Support

Akeeba Backup for Joomla!

#29984 ZIP Archiver split archives bug

Posted in ‘Akeeba Backup for Joomla! 4 & 5’
This is a public ticket

Everybody will be able to see its contents. Do not include usernames, passwords or any other sensitive information.

Environment Information

Joomla! version
n/a
PHP version
n/a
Akeeba Backup version
n/a

Latest post by on Tuesday, 28 August 2018 17:17 CDT

drlukacs
Attempting to back up with "Part size for split archives" that requirs splitting ZIP files into more than one part results in Akeeba entering into an infinite loop at the end of the backup process with repeating debug messages that read as follows:

DEBUG   |180722 00:12:01|PHP WARNING (not an error; you can ignore) on line 181 in file <root>/administrator/components/com_akeeba/BackupEngine/Archiver/Zip.php:
DEBUG   |180722 00:12:01|feof() expects parameter 1 to be resource, null given
DEBUG   |180722 00:12:01|PHP WARNING (not an error; you can ignore) on line 195 in file <root>/administrator/components/com_akeeba/BackupEngine/Archiver/Zip.php:


(The logs filled up nearly 3Gb of drive space before I stopped it.)

This has been tested with "Part size for split size" of 5Mb, 10Mb, and 20Mb.

nicholas
Akeeba Staff
Manager
This has nothing to do with split archives. The error you are receiving cannot happen unless PHP is broken.
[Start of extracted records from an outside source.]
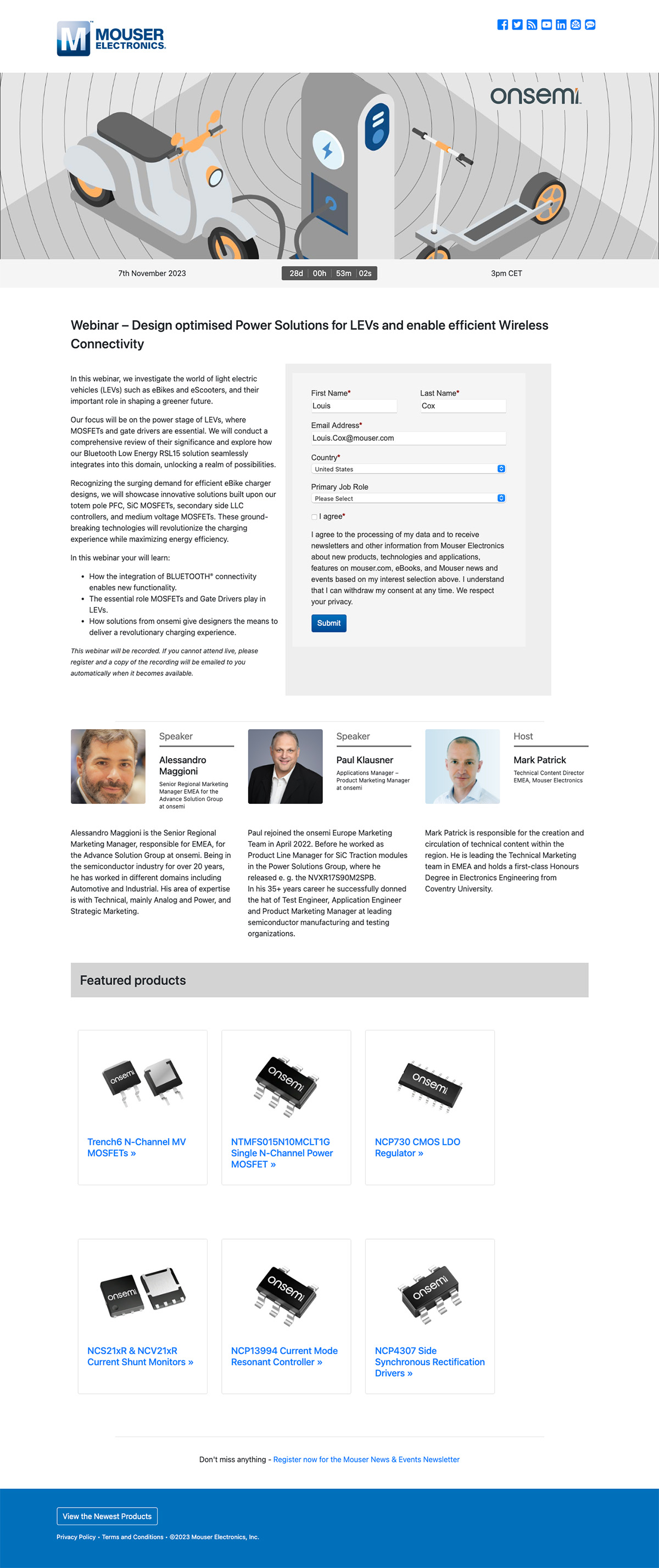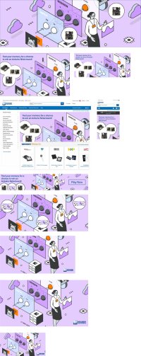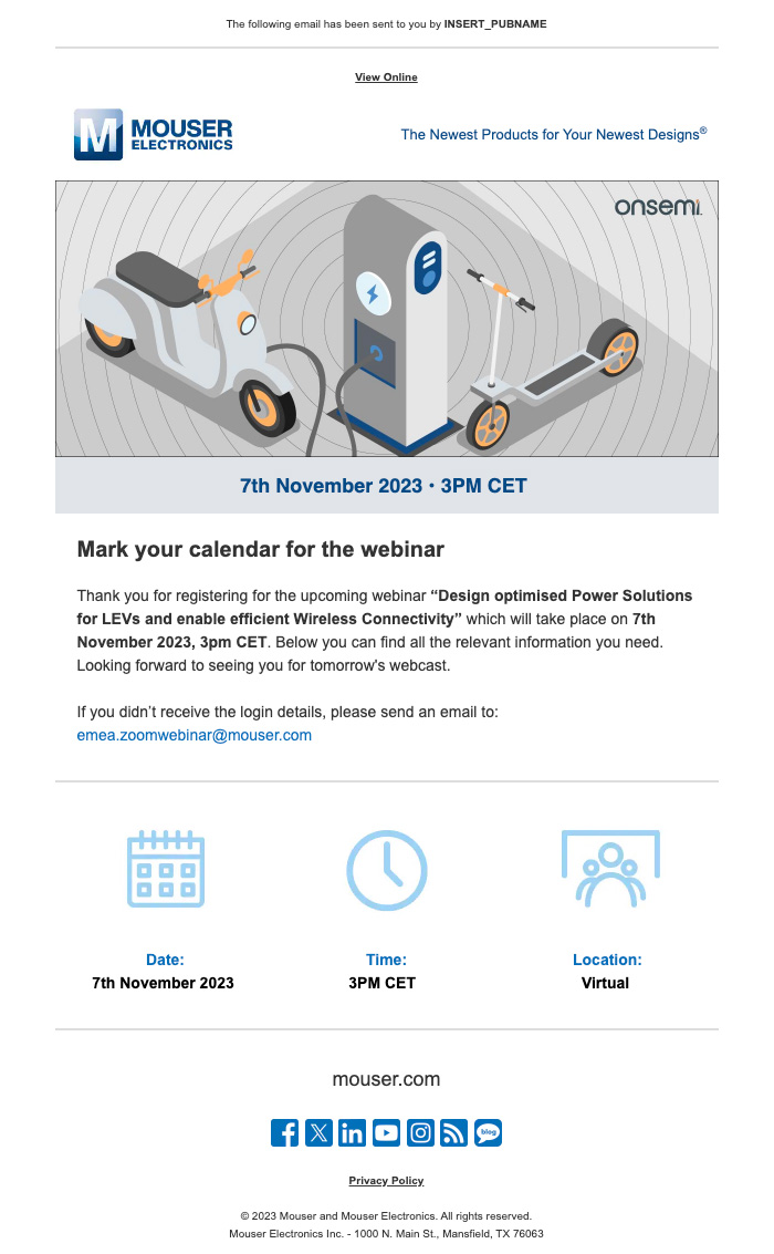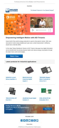 Design layouts for campaigns incorporating the repeated use of a single campaign design and used in order, Web page main image, Mouser site carousel images, in situ view of those images, email banner and hero image, social images. Created in Illustrator.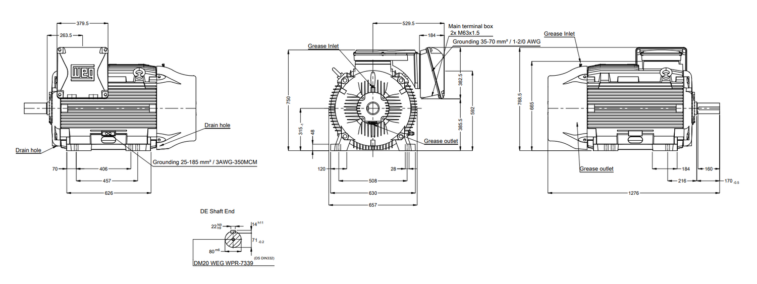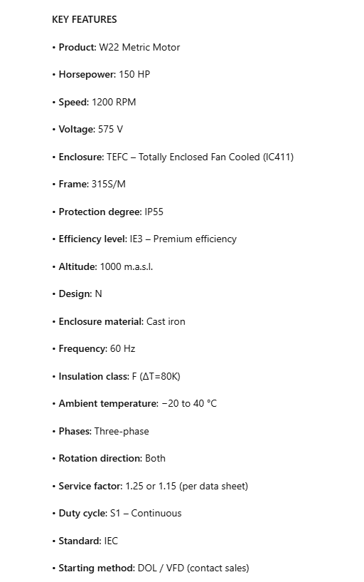ME150506W23315R01S, W22 Metric Motor, 150Hp , 1200 RPM, 575V, TEFC, Frame 315S/M , IP55, RB, IE3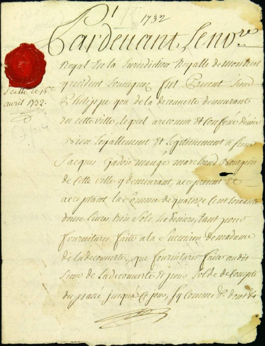 - Ce dossier de matière civile est composé des pièces suivantes : la transcription scellée d'un acte notarié du greffe Adhémar en date du 31 juillet 1731, entre Philippe You de LaDécouverte, lequel s'oblige vis à vis Jacques Gadois dit Mauger pour la somme de 1471 livres, pour solde de fournitures; et le rapport de la signification de l'acte, d'une demande de paiement et d'une assignation à comparaître à l'audience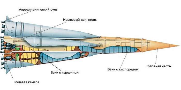 Две ступени, 33 метра высотой, 265 000 килограммов стартовой массы. Могла забросить более 3700 килограммов на расстояние до 8000 километров. Топливо — керосин, пять пакетов двигателей РД-107 и РД-108 на первой ступени и один двигатель РД-108 на второй (на первой ступени работали 32 камеры сгорания одновременно). При этом управление осуществлялось специальными рулевыми агрегатами. Это совершенно другой, более сложный уровень технологий. Стартовая тяга двигателей — более 4000 килоньютонов.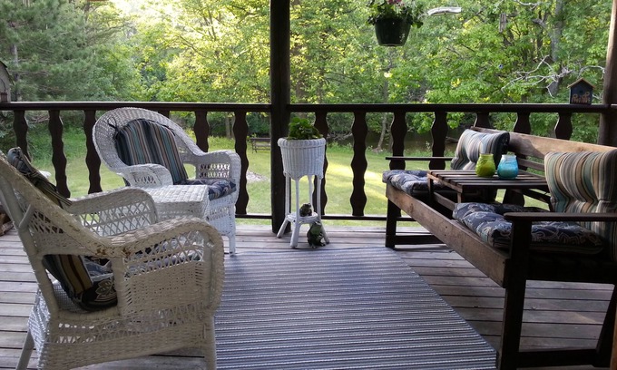 With 2 comfortable bedrooms, each with a queen size bed, loft with a queen and twin sized bed and a full-sized hide-a-bed it can easily sleep 7 to 9 guests. The kitchen is equipped for full meals and more. Amenities include coffee maker, microwave, full-sized fridge and toaster. A full sized dining table can seat everyone. There is a sitting area just off the dining room for reading and visiting with family and friends. The living room is adjacent with seating for 5. Off the living room enjoy a beautiful covered deck overlooking the river. This cozy one-bath home has a first floor shower/bath combo and a nearby full laundry. Linens, towels and paper products are provided for our guests. A game closet, Wi-fi, and full-sized TV with basic cable are also provided.

The variable which is null is a file pointer which is assigned a few lines above. PHP can either return a file pointer (resource) or boolean false, not null. I am adding a further check in the backup engine to catch this and prevent the infinite loop but I am not sure if the ZIP file will have been successfully finalized at this point.

Please use the latest development release (rev747413EE) and retry backing up. Let me know if the generated ZIP file can be extracted by Kickstart, Akeeba eXtract Wizard and PKZIP or WinRAR (please do not try other ZIP extraction software; they are using the decompression library InfoZIP which does not conform to the ZIP specification for split ZIP files, therefore they always fail to extract split ZIPs).

Nicholas K. Dionysopoulos

Lead Developer and Director

🇬🇷Greek: native 🇬🇧English: excellent 🇫🇷French: basic • 🕐 My time zone is Europe / Athens
Please keep in mind my timezone and cultural differences when reading my replies. Thank you!

drlukacs
This has nothing to do with split archives.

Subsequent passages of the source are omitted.